Margaret Bennell, co-founder of Wynstones school at Brookthorpe, was then enlisted to help, whom Lily Whincop had come to know at the Wynstones conferences. Lily Whincop is reported to have stated, "I have a house, you have a plan," and in November 1947, the new school was opened. Hawkwood started with 12 students at Easter 1948, one of them Eileen Brooking, who was later to become vice-principal, and on 28 March 1949 opened officially as Hawkwood College which was later rebranded as Hawkwood Centre for Future Thinking in 2019.

Lily Whincop died at the age of 70 in 1957 and Margaret Bennell entitled the obituary she wrote "The Mother of Hawkwood".

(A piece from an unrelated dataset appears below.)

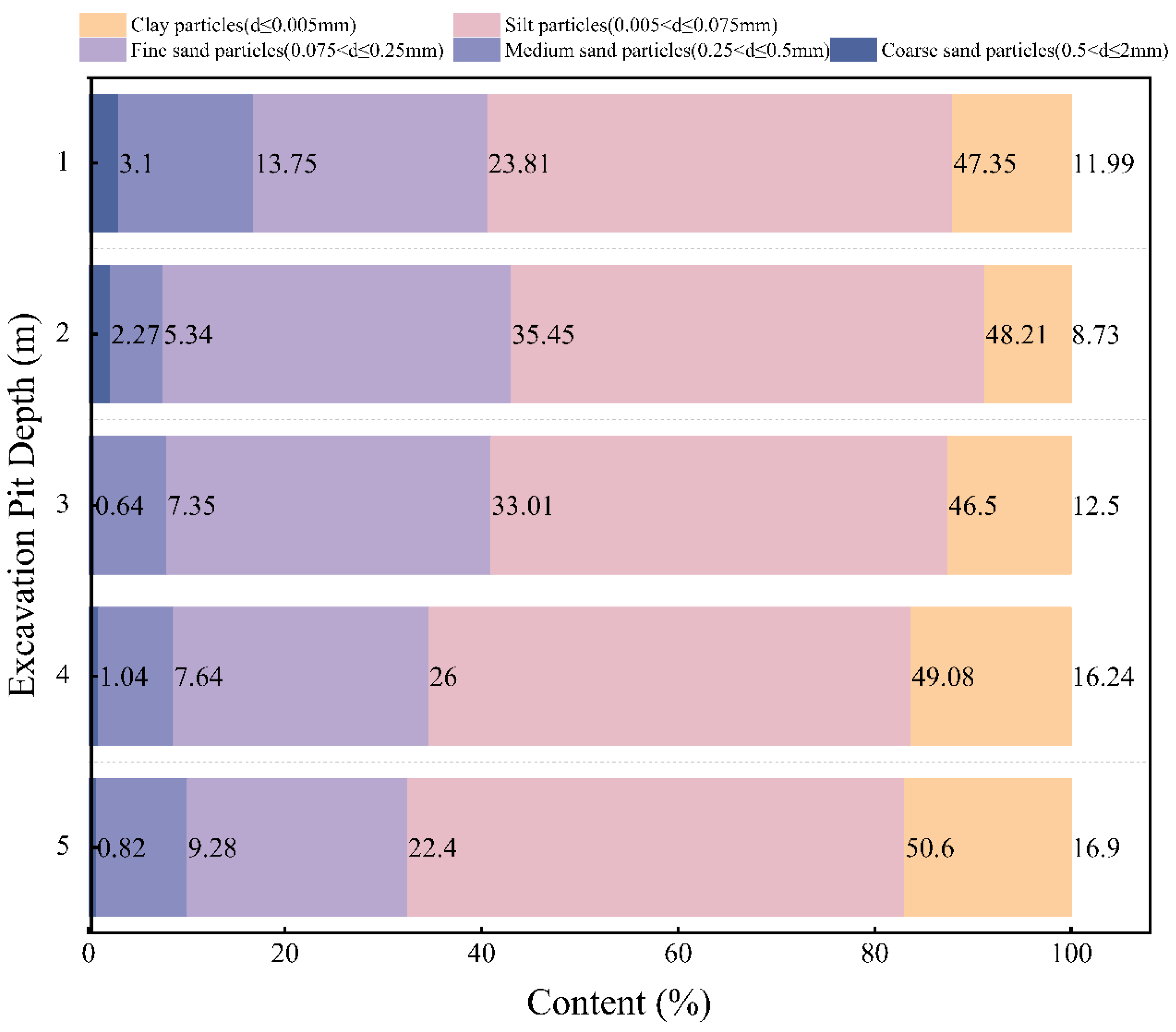 6.1.2. Particle Size Distribution Throughout the Jiahezi Reservoir

===Further developments===
In 1965 Margaret Bennell asked Bernard Nesfield-Cookson and his wife, Eileen to consider taking over the college from her. This they did in 1971. Margaret Bennell died in 1966, with Benedict Wood, Isabel Bruce-Smith from Wynstones and Bernard Williams running Hawkwood in the interim. Benedict Wood remained there until his death in 1993.

For 22 years Bernard and Eileen Nesfield-Cookson ran the college as co-principals. Both had attended Steiner schools themselves, Eileen being a pupil of Margaret Bennel. Both had taught at Wynstones for a number of years. Bernard, a close friend of Sir George Trevelyan, had for many years lectured at Attingham Park and, on the basis of this experience, transformed Hawkwood into a facility for short-term residential courses. These, by the time he handed over Hawkwood to his successors, numbered some 100 per year.

==Today==

On the basis of its founding anthroposophical ethos, Hawkwood still provides a centre for short courses on the theme of creative exploration. These include personal and spiritual development, arts & crafts, music, health & well-being as well as nature and sustainability.

There are six meeting rooms including a large hall, library and two spacious studios. Overnight accommodation comprises twenty nine bedrooms with original features, looking out over the valley.

Hawkwood CFT is also home to the Bardic Chair of Hawkwood with the annual Bard of Hawkwood competition being held on the grounds.

==Partners==
Amber Sculpture Studio with artist David Lovemore, doing clay modelling, wood carving, stone carving and basic casting.

Waldorf Early Childhood Teacher Training A two-year part-time training course based at Hawkwood. Course organiser Lynne Oldfield is author of Free to Learn: Introducing Steiner Waldorf Early Childhood Education. The course is a validated Level 5 diploma.

School of Homeopathy Established in 1981, it has been based at Hawkwood for a number of years.

Waldorf College runs outdoor activities at Hawkwood for its Stroud-based Bridging the Gap educational programme for young people aged 16–19.

Stroud Community Agriculture is a co-operative of two hundred members managing an organic/biodynamic farm in the grounds.

Hawkwood CFT is a member of the Adult Residential Colleges Association.